Task instructions>
You are asked to repeat the listing word for word and to leave out its pictures.

Supplied data>
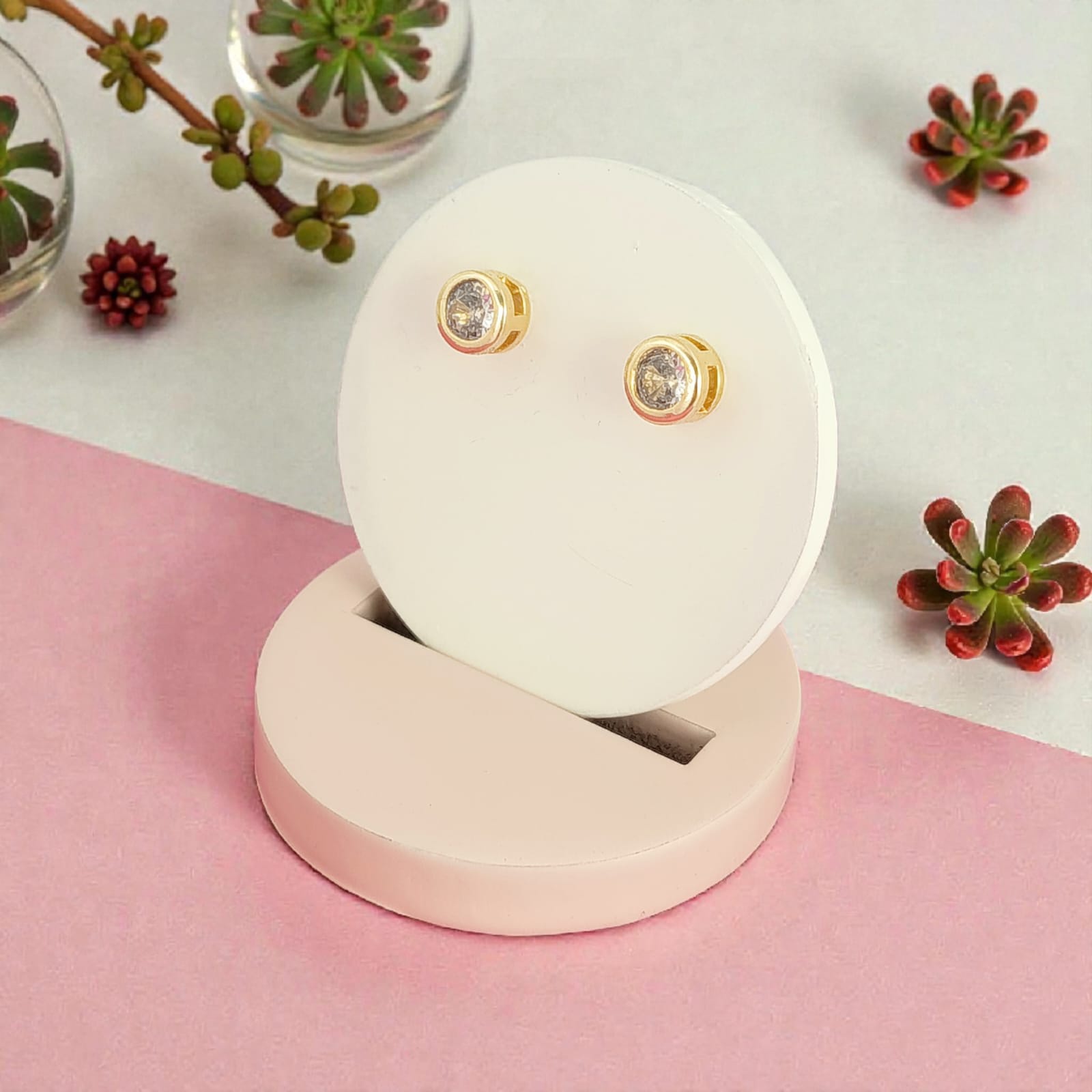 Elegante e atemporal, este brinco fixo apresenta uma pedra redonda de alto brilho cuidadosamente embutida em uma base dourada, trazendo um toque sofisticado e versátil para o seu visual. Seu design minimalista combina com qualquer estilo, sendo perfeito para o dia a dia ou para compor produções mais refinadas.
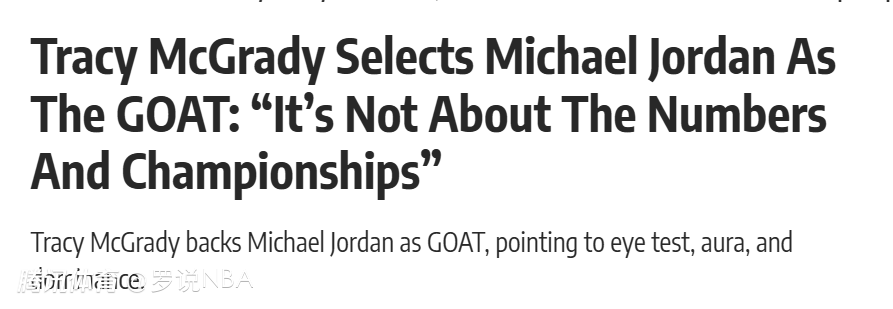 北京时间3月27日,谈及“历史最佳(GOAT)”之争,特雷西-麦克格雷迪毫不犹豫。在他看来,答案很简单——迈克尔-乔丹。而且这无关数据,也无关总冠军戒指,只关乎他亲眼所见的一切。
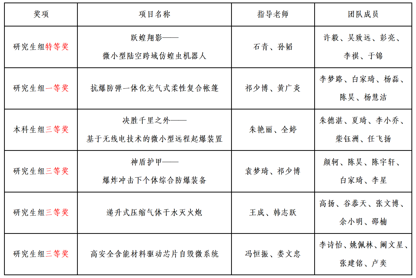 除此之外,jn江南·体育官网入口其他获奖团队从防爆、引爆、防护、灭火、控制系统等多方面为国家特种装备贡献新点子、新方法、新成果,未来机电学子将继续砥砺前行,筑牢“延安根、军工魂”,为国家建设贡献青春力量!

Finished task>
 Elegante e atemporal, este brinco fixo apresenta uma pedra redonda de alto brilho cuidadosamente embutida em uma base dourada, trazendo um toque sofisticado e versátil para o seu visual. Seu design minimalista combina com qualquer estilo, sendo perfeito para o dia a dia ou para compor produções mais refinadas.
 北京时间3月27日,谈及“历史最佳(GOAT)”之争,特雷西-麦克格雷迪毫不犹豫。在他看来,答案很简单——迈克尔-乔丹。而且这无关数据,也无关总冠军戒指,只关乎他亲眼所见的一切。
 除此之外,jn江南·体育官网入口其他获奖团队从防爆、引爆、防护、灭火、控制系统等多方面为国家特种装备贡献新点子、新方法、新成果,未来机电学子将继续砥砺前行,筑牢“延安根、军工魂”,为国家建设贡献青春力量!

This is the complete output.